"O barulho é a tortura do homem de pensamento" (Schopenhauer)

quinta-feira, 6 de janeiro de 2011

Shhh! Sound health in 8 steps


O nosso mundo cada vez mais barulhento está a corroer a nossa saúde mental. Julian Treasure estuda o som e aconselha empresas relativamente a como usá-lo melhor. É o presidente da Sound Agency, uma empresa que aconselha empresas por todo o mundo em como usar o som. Diz-nos para prestarmos atenção aos sons que nos rodeiam. Como é que eles nos fazem sentir: produtivos, nervosos, com energia?

Neste TED Talk Treasure expõe um plano de 8 passos para minimizar este assalto sónico (começando com aqueles tampões para ouvidos baratos) e recuperar a nossa relação com o som.

terça-feira, 4 de janeiro de 2011

Metro de Lisboa multado em 118 000 euros por ruído



O Supremo Tribunal de Justiça (STJ) condenou a Metropolitano de Lisboa e a empresa construtora da Linha do Oriente (Metrexpo) a indemnizarem, num total de 118.500 euros, sete moradores, pelo ruído provocado por aquela obra, escreve a Lusa.
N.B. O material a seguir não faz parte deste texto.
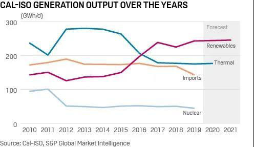 根據(jù)加州電力調(diào)度中心(CAISO)的數(shù)據(jù),可再生能源發(fā)電比例約為40%,處于全國領(lǐng)先水平,在過去十年中翻了一近番。與此同時(shí),2019年可再生能源棄電量同比增長了一倍多,同年5月創(chuàng)下月度棄電量223195 MWh的紀(jì)錄。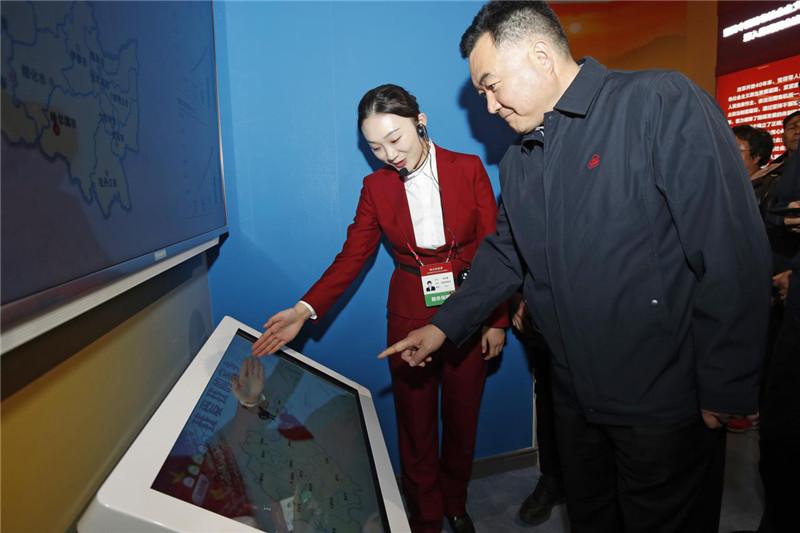 武玉傑董事長一行注意到第四展區“歷史鉅變”和第五展區“大國氣象”中均有對我國非公有制經濟發展和民營企業發展實踐和成就的展示。其中着重介紹到習主席對民營企業的六個方面的政策舉措:減輕企業税費負擔;解決民營企業融資難融資貴問題;營造公平競爭環境;完善政策執行方式;構建親清新型政商關係;保護企業家人身和財產安全。武玉傑董事長久久駐足,深切的感嘆説:看到祖國日新月異的變化,尤其是學習了習主席對民營企業的充分肯定以及多項支持鼓勵民營企業發展壯大的政策措施,相信民營企業迎來了發展的又一個春天。
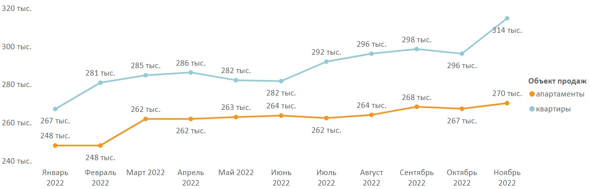 Изменения цены в первую очередь затронуло квартиры (+6,2%). Основной причиной роста цен в ноябре 2022 года стала индексация цен в проектах компании ПИК. Апартаменты также в среднем стали дороже, но их динамика изменений более плавная (+1,1%).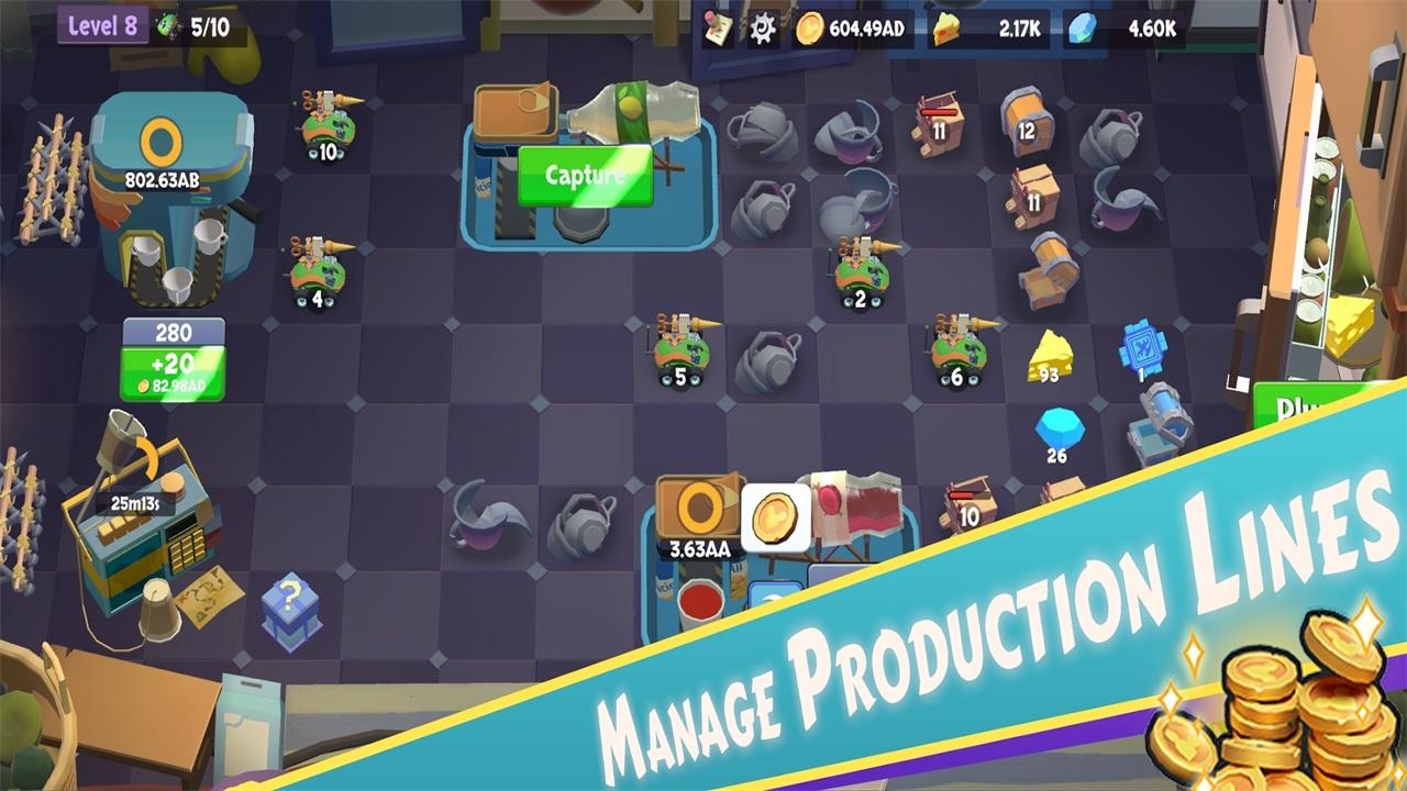 管理生产线:开发、管理和升级机器以赚取更多收入!建立你自己的帝国。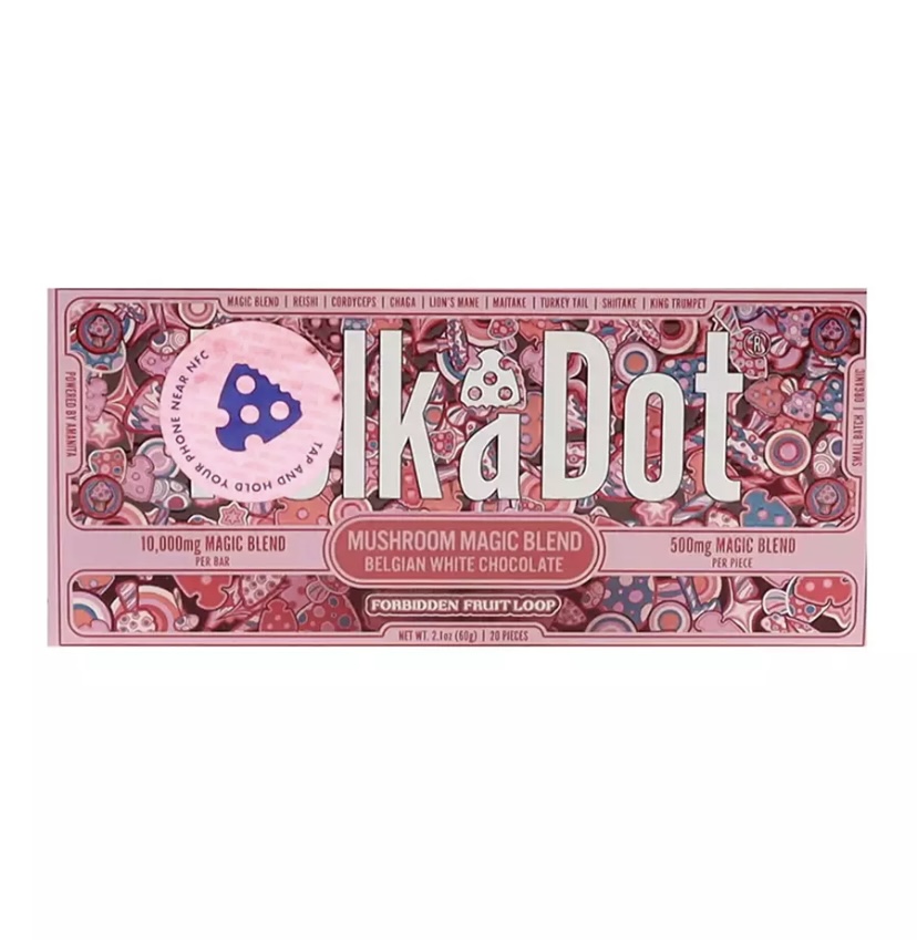Enchanting Flavor Harmony: Forbidden Fruit Loop PolkaDot Magic Mushroom Belgian White Chocolate offers an enchanting harmony of flavors, where the velvety white chocolate meets the alluring essence of forbidden fruits, creating a taste symphony that captivates the palate.

As obras arrancaram em 1995 e a partir de Fevereiro do ano seguinte passaram a realizar-se durante 24 horas por dia, incluindo domingos e feriados, uma vez que era urgente terminar aquela linha a tempo da abertura da Expo`98, marcada para Maio. O ruído provocado pelas obras levou a que sete moradores, entre os quais quatro juízes conselheiros, pusessem o caso em tribunal, depois de terem por várias outras vias tentado, sempre sem sucesso, que fosse respeitado o seu direito ao repouso e ao silêncio.
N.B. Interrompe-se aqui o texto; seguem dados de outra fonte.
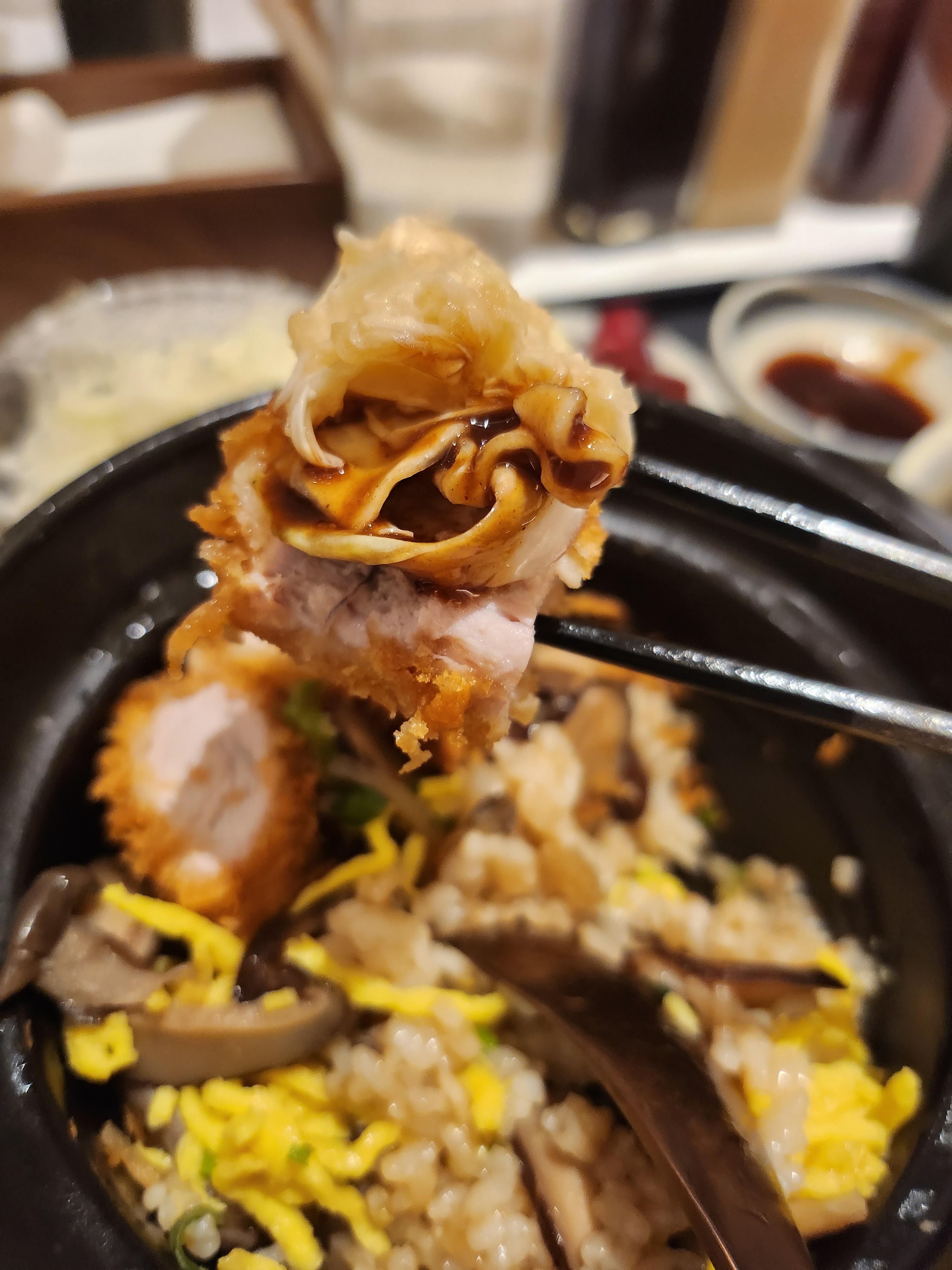 이 날의 예산에 맞춰 1만8천원 이내의 메뉴를 주문하라는 지시 하에 저는 안심카츠동 반상을 주문했습니다. 모든 메뉴가 깔끔하게 트레이에 담겨 나오더라고요. 직각으로 딱 떨어지는 새까만 물컵과 티슈 위에 얹어진 흰 조약돌까지 대접받는 것 같은 느낌입니다. 안심카츠와 달걀 지단 아래로 표고버섯과 소스가 뿌려진 솥밥 같은 것이 나오고, 생각보다 양이 꽤 많았습니다.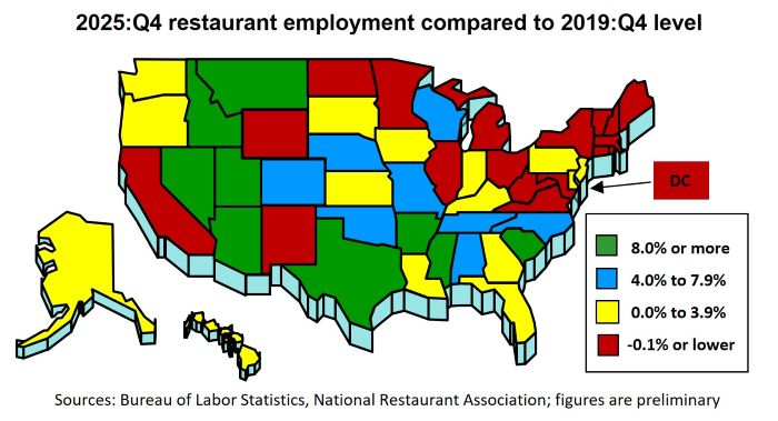 This group was led by West Virginia, which had nearly 6% fewer eating and drinking place jobs in the fourth quarter of 2025 than it did in the fourth quarter of 2019. Maine (-5%), New Mexico (-5%), Massachusetts (-4%) and Illinois (-4%) were also well below their pre-pandemic restaurant employment levels.

Segundo o acórdão de 19 de Outubro, a que Lusa teve acesso, o tribunal deu como provado que os ruídos chegaram a ser «de extrema violência» e foram «permanentes e extremamente incómodos» para os moradores, que se viram, assim privados, diariamente, de horas de sono durante a noite. Ainda segundo o tribunal, o martelar de ferro «acontecia a qualquer hora do dia ou da noite, muitas vezes às quatro ou cinco horas da madrugada, provocando sobressaltos e privando» os moradores de sono e descanso.
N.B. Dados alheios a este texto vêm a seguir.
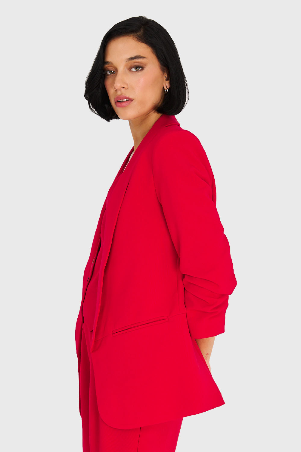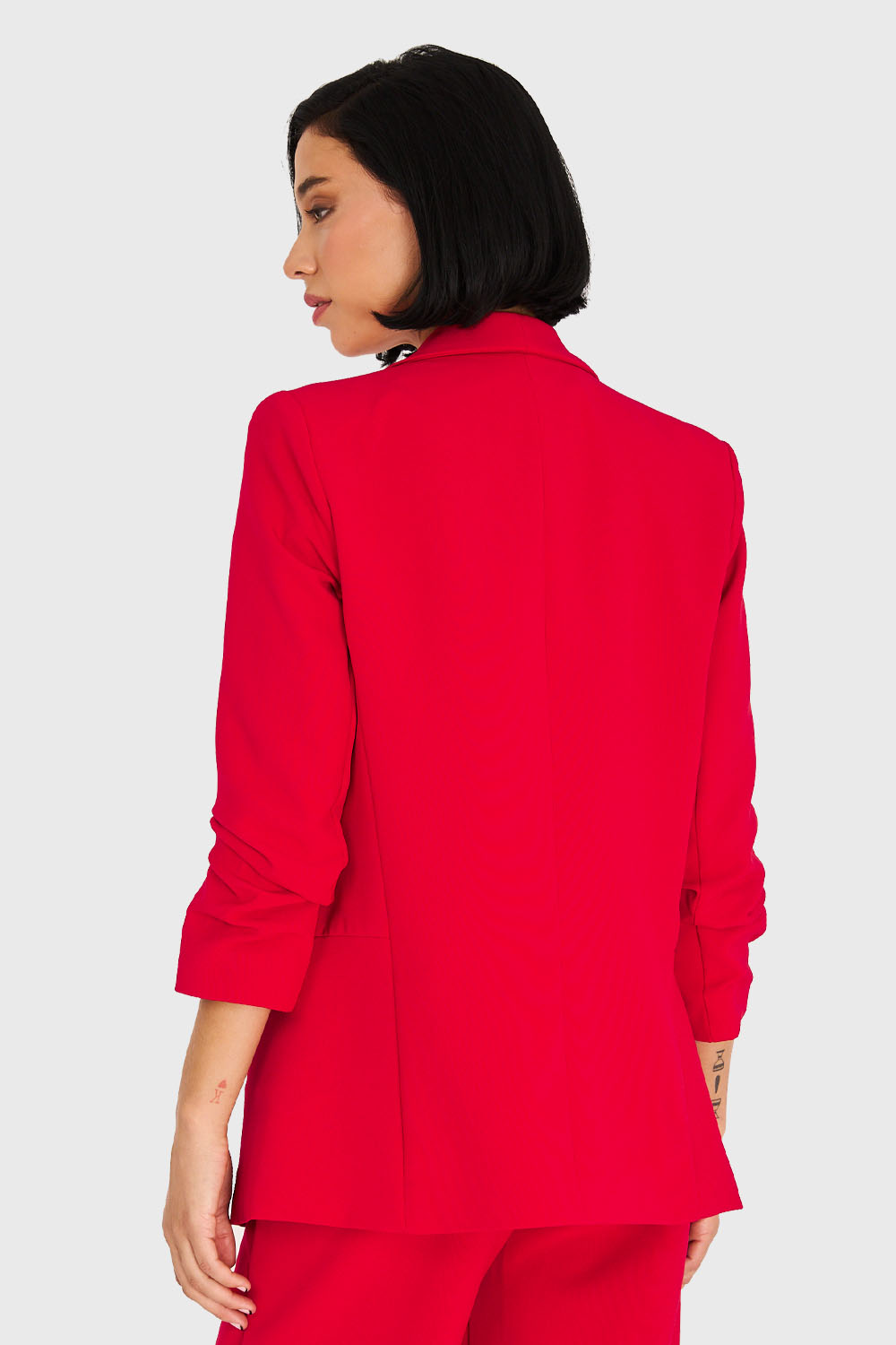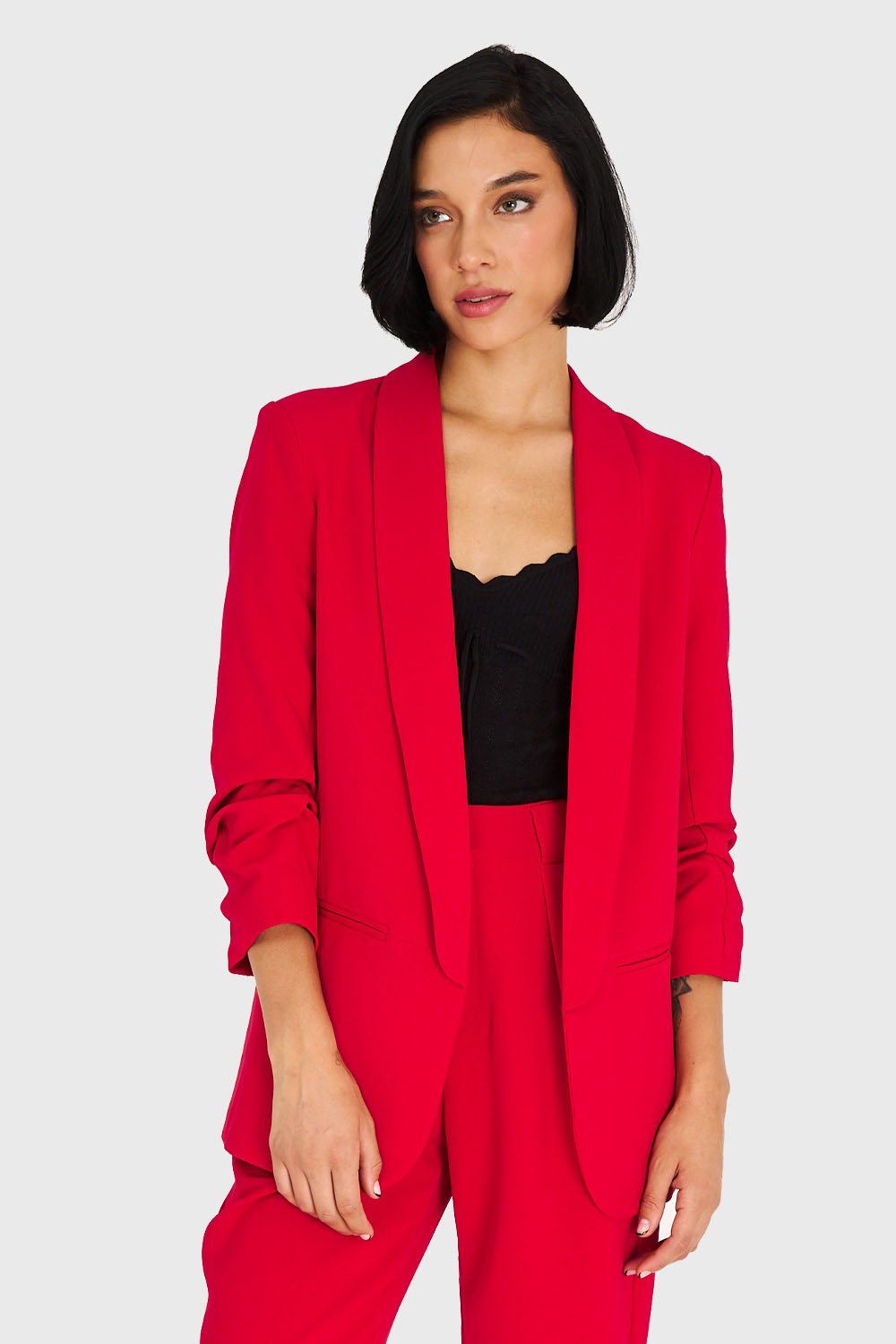 Características: Blazer de tope con solapa larga. Mangas 3/4 con pliegues. Posee forro y hombreras. Bolsillos laterales decorativos.

Um dos queixosos tomava comprimidos para dormir, outro viu-se obrigado a mudar de residência por lhe ser «absolutamente intolerável» a permanência na sua habitação, um outro passou a ter mais dores nas costas, em decorrência da privação de horas de sono. «A falta de descanso causou aos autores muito menor rendimento no trabalho, com dificuldades de concentração», e, a nível da própria dinâmica familiar, «houve alteração nas relações, dado o clima de irritabilidade que afectou cada uma das pessoas». Alguns chegaram a pernoitar nos corredores interiores das casas e no escritório. Além do barulho, as obras causaram «elevado número de poeiras».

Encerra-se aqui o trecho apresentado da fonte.